→ **Records excerpted from a collection**

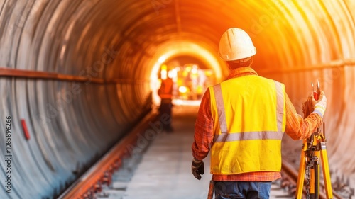 Worker surveying a tunnel construction site.
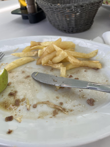 Evening ruined by extremely bad service. The older gentleman that greeted us was lovely but the other waiter, middle aged male with dark hair green T-shirt and shorts was extremely rude. He talked down to us at the table and was very forceful and intimidating. We hadn’t all finished eating and he was clearing the plates of those who had which we found very intrusive. When the bill arrived we saw that a meal of sardines that came with salad had been charged an extra 7 euro for the salad even though it was supposed to be part of the meal. The food was nice but everything was ruined by the awful service given...
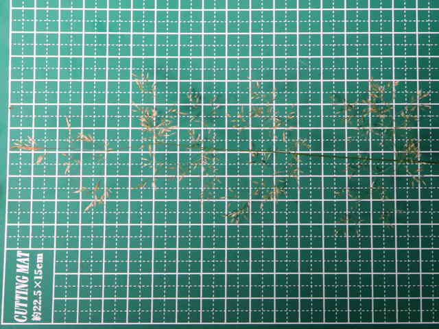 | ▼花序は長さ約23cm。 | ▼小穂は長さ約2.5mm。 | ▼小穂に小花は1個のみある。 |
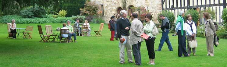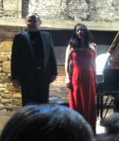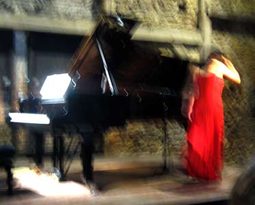 (au moins pour le spectateur), sans se toucher .Il y a, en plus d'un risque, d'une partie qui se joue sur une corde raide, de la connivence, de la complicité, de l'intimité. Pas étonnant que beaucoup de duos pianistiques sont aussi dans leur vie privée " ensemble ", ce qui est le cas ici. Il faut du désir pour jouer à quatre mains. Mais se partager un piano et dormir dans le même lit ne sont pas comparables. Ici la femme, en robe rouge, joue la partie primo (partie aigue, à droite du clavier, en général qui se lit en clé de sol. L'homme joue la partie secundo (en clé de fa)... C'est le secundo qui met la pédale, pour lui, mais aussi pour la partie primo. Pas sympa pour le primo s'il ne lui la met pas quand il faut ! À l'entracte tout le monde se rue dans les jardins, fume sa cigarette, ou pour nos amis anglais dans la cafétaria, non pour admirer l'impressionnant pressoir du XVè siècle, mais pour boire le cidre local. ![]() ![]() ![]() Jacques Lenot monte sur scène, présente et remercie ses interprêtes, raconte un peu la genèse de cette pièce.
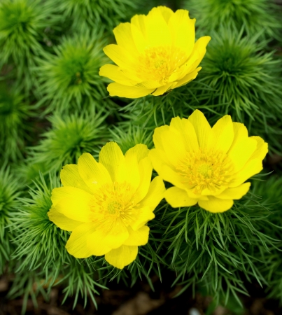 spring pheasant's eye (Adonis vernalis) also known as yellow pheasant's eye and false hellebore.
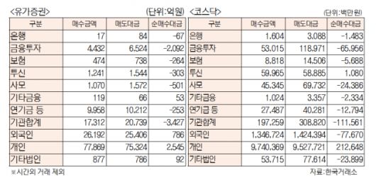 [표]유가증권 코스닥 투자주체별 매매동향(9월 24일)
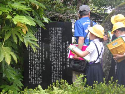 5年生のジオパーク遠足パート2が行われました。5月24日に行った1回目を経て、さらに調べたいテーマについて追究します。今回はテーマ別でグループを作り、学習支援員に指導をいただきました。行先は俳句館、城址公園、博物館、船着き場、火除けの松、お寺など。石碑を尋ねて街中巡りをするグループもありました。大テーマ「松任地区はジオパークと言えるのか?」の答えも少しずつ見えてきているのではないでしょうか。
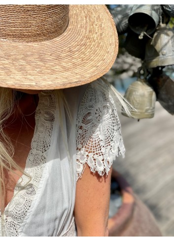 - Décolleté V brodé de pierres ton sur ton + cauri
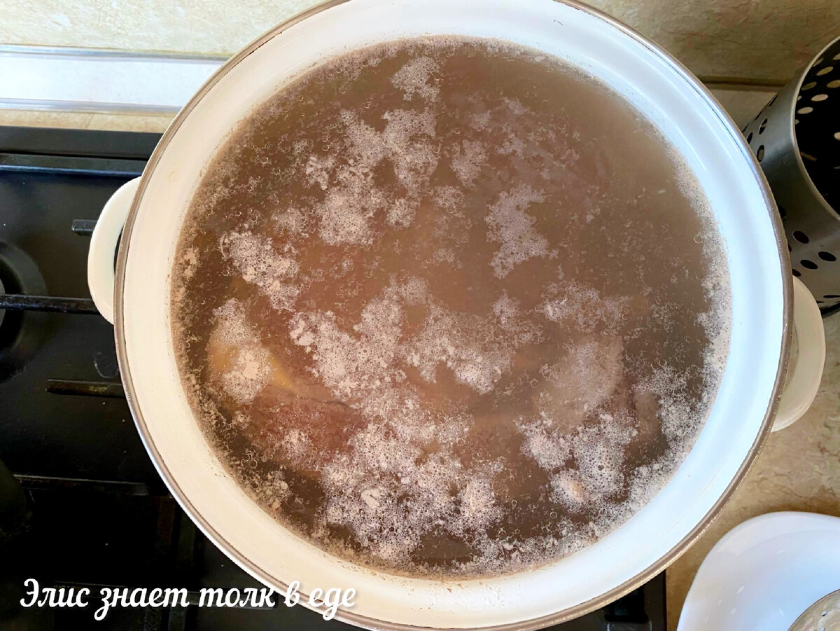 Мы не часто готовим этот суп, потому что он уж слишком простой, но иногда его просто хочется, ведь он очень вкусный. Что ещё хорошо в нем, так это то, что он ещё и достаточно бюджетный, поэтому он - отличный вариант, когда нужно ещё подождать до зарплаты. Итак, для начала, как всегда надо сварить бульон. У нас была в морозилке говядина на суп заготовленная (тонкий край), но, в принципе, этот суп можно сварить и на курице, тоже получится вкусно. Кладем мясо в кастрюлю и заливаем его холодной водой, доводим до кипения. Начнет образовываться пенка. Её необходимо снять, чтобы бульон был прозрачный. После закипания солим бульон по вкусу, можно также добавить в бульон целую морковину, стебли сельдерея или петрушки, но это не обязательно. Варим бульон в течении 1,5 - 2 часов, чтобы мясо стало мягким. Если варите на курице, то и сорока минут хватит. Пока варится бульон подготовим картофель. Очищаем его и нарезаем небольшими кубиками или брусочками. Когда бульон сварится, вынимаем мясо и ост
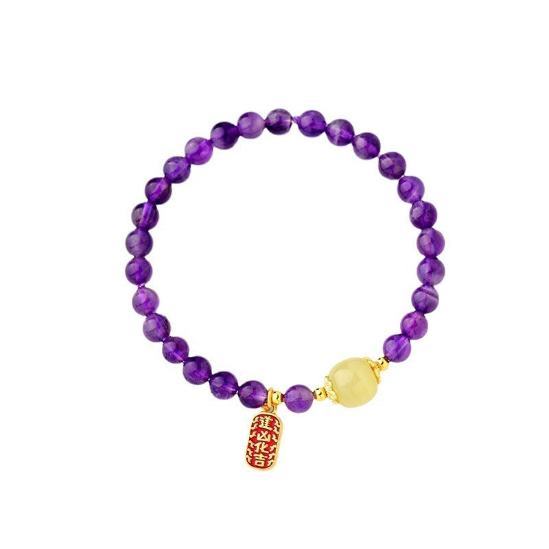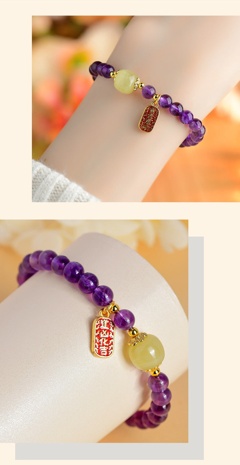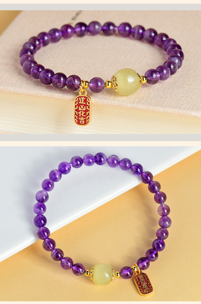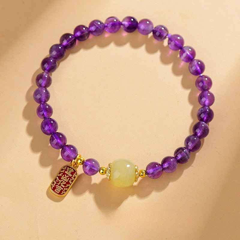 Zen Healing Natural Amethyst Crystal Amulet Charm Positive Bracelet
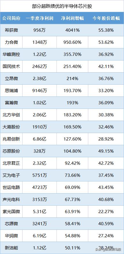 从业绩增幅来看,有11只半导体芯片股的一季度净利润增幅超过100%;
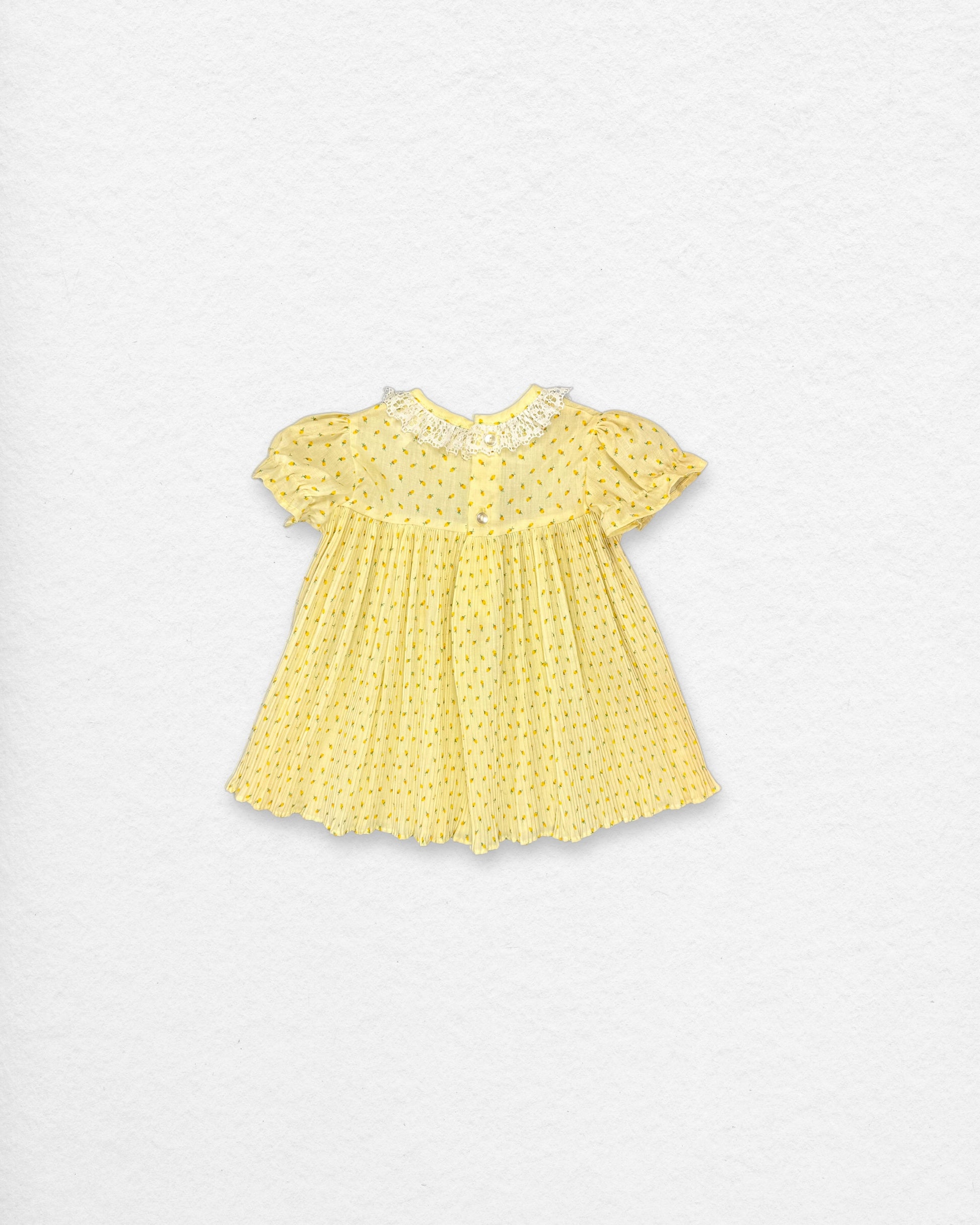 A delicate vintage JC Penney “Toddle Time” dress in a cheerful yellow with tiny floral print, lace-trimmed collar, and gathered puff sleeves. Finished with a yellow velvet ribbon tie and full pleated skirt, this piece is a sweet classic from mid-century kidswear.
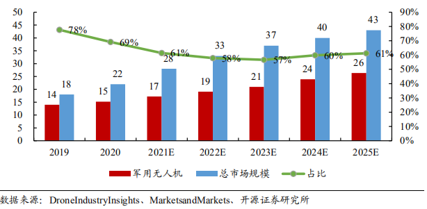 我国军用无人机市场当前体量较小,具备充足增长潜力。2018年我国军用无人机市场规模约为15.94亿美元,2025年预计将达到98.66亿美元,2018-2025年复合增长率约为29.7%。
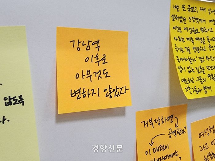 “나는 또 죽었고, 다시 살아남아 포스트잇을 붙인다. 일터였던 신당역에서 여성노동자가 죽었다. 이것은 여성혐오 범죄이고 산업재해다. 사회는 계속 여성을 죽이고 여성이 죽는 것, 여성을 죽이는 것을 방관하고 묵인한다. 도대체 몇 명이 더 죽어야 할까.”

→ **WORK REQUIRED**
Range to copy from the records above: the line containing "spring pheasant's eye" to the line containing "A delicate vintage", both included. Output those lines exactly and only those, skipping pictures.

→ **ANSWER FOR THE TASK**
 spring pheasant's eye (Adonis vernalis) also known as yellow pheasant's eye and false hellebore.
 [표]유가증권 코스닥 투자주체별 매매동향(9월 24일)
 5年生のジオパーク遠足パート2が行われました。5月24日に行った1回目を経て、さらに調べたいテーマについて追究します。今回はテーマ別でグループを作り、学習支援員に指導をいただきました。行先は俳句館、城址公園、博物館、船着き場、火除けの松、お寺など。石碑を尋ねて街中巡りをするグループもありました。大テーマ「松任地区はジオパークと言えるのか?」の答えも少しずつ見えてきているのではないでしょうか。
 - Décolleté V brodé de pierres ton sur ton + cauri
 Мы не часто готовим этот суп, потому что он уж слишком простой, но иногда его просто хочется, ведь он очень вкусный. Что ещё хорошо в нем, так это то, что он ещё и достаточно бюджетный, поэтому он - отличный вариант, когда нужно ещё подождать до зарплаты. Итак, для начала, как всегда надо сварить бульон. У нас была в морозилке говядина на суп заготовленная (тонкий край), но, в принципе, этот суп можно сварить и на курице, тоже получится вкусно. Кладем мясо в кастрюлю и заливаем его холодной водой, доводим до кипения. Начнет образовываться пенка. Её необходимо снять, чтобы бульон был прозрачный. После закипания солим бульон по вкусу, можно также добавить в бульон целую морковину, стебли сельдерея или петрушки, но это не обязательно. Варим бульон в течении 1,5 - 2 часов, чтобы мясо стало мягким. Если варите на курице, то и сорока минут хватит. Пока варится бульон подготовим картофель. Очищаем его и нарезаем небольшими кубиками или брусочками. Когда бульон сварится, вынимаем мясо и ост
 Zen Healing Natural Amethyst Crystal Amulet Charm Positive Bracelet
 从业绩增幅来看,有11只半导体芯片股的一季度净利润增幅超过100%;
 A delicate vintage JC Penney “Toddle Time” dress in a cheerful yellow with tiny floral print, lace-trimmed collar, and gathered puff sleeves. Finished with a yellow velvet ribbon tie and full pleated skirt, this piece is a sweet classic from mid-century kidswear.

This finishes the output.